First You Have to Ask

First You Have to Ask

Don Morris

First You Have to Ask . . .

by Donald J. Morris

From the Editor: Don Morris serves as President of the NFB's Merchants Division.

He is a longtime leader of the Federation and a businessman with a flare for

selling. In recent months he has been helping with our capital campaign. His

experience is instructive and should encourage us all as we invite others to

help change what it means to be blind.

If the program was "Jeopardy,"

"First you have to ask" would be the answer. The appropriate question

with which to respond is, "What is required to achieve a successful Capital

Campaign request?"

One of the challenges Dr. Jernigan left

us is acquiring the funding to build the National Research and Training Institute

for the Blind, which he designed before his death. To accomplish this goal,

we will need to raise eighteen million dollars. In one bite that goal seems

almost unattainable; however, we don't have to do it all in one bite.

Many corporate givers plan their charitable

gifts over a number of years. By this means they can give very substantial gifts.

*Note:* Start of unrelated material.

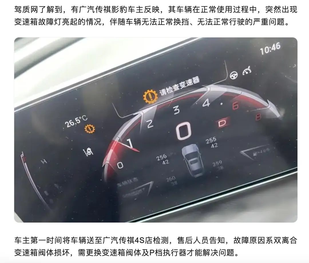 作为广汽传祺主打年轻运动市场的旗舰轿车,影豹曾承载着品牌向上的重任,然而近期多位车主的遭遇却给这款车型蒙上了阴影。据车主反映,车辆在正常使用且仅行驶2万公里的情况下,突然出现变速箱故障灯亮起,伴随无法换挡、无法正常行驶的严重瘫痪状态。
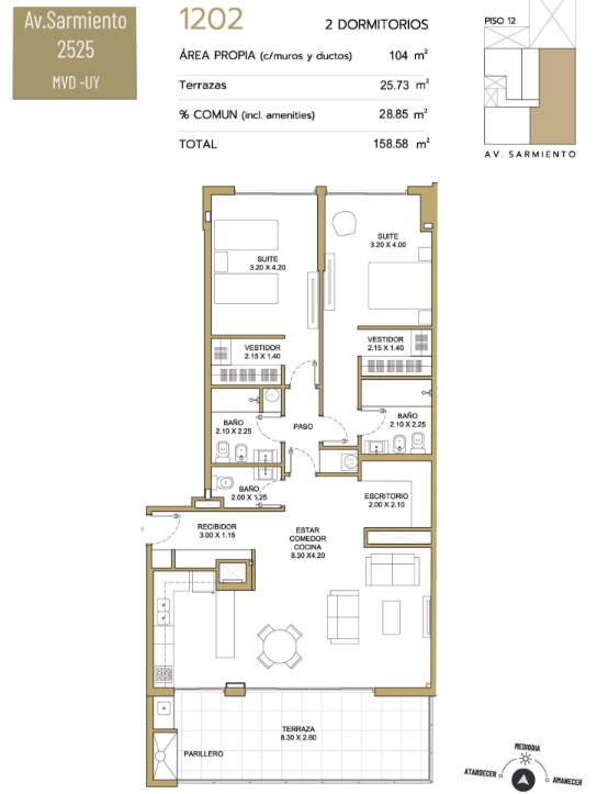 La unidad se encuentra en impecable estado y ofrece una planta con características únicas. Cuenta con amplio living comedor con salida a gran terraza con parrillero al frente con vistas despejadas. Cocina definida con office. Espacio adicional pensado para escritorio o rincón de trabajo. Dispone de dos cómodas suites, ambas con vestidores y baños completos. Además, cuenta con toilette y un recibidor con placard de gran capacidad.

We have learned that even those of us whose means are more modest can make significant

gifts by spreading them over a period of five years. We are asking our members

and friends to join us in a five-year pledge to help achieve this objective.

As a Capital Campaign volunteer and as

the president of the NFB Merchants Division, I have had the chance to work with

several blind vendors in arranging for their participation in the Capital Campaign.

We achieved the first goal set for blind vendors fairly early on with participation

by only a limited number of vendors. Therefore the Vendor Goal has now been

doubled, and I believe we will meet and perhaps exceed that target.

To begin with, it is important to know

the essentials of our project: a five-story building (170,000 square feet) attached

to the National Center for the Blind. It includes a research library, technology

training labs, classrooms, a distance-learning center, an adaptive-technology

development center, and office and flexible meeting space. The goal is to raise

the needed funds by summer 2001 and to complete the project in 2003.

Through the facilities of the NRTIB, modern

technology will provide learning opportunities to blind children, adults, and

seniors. We estimate that more than a half-million blind people will be influenced

by this new learning technology within the first ten years of the Institute's

operation. The NRTIB will not provide larger and fancier offices for existing

programs. All of these programs will be an extension into new areas of research

and training.

But first you have to ask. . .

I saw our current building before it became

the National Center for the Blind. My imagination was not adequate to foresee

the day when the NFB could possibly use that much space. Fortunately Dr. Jernigan

had the vision to know that opportunities were abundant if we only had the ability

to seize them. He declared that the day would come when, even though we used

our space at 1800 Johnson Street prudently, we would need still more. I personally

was content to accept the idea that we would need the new space simply because

Dr. Jernigan had said we would, and in fact our existing building is now full

to the brim. However, as I have heard more details about the plans for the NFB's

future growth and expanded services to blind people, I am becoming really excited

about the potential and possibilities that lie ahead of us.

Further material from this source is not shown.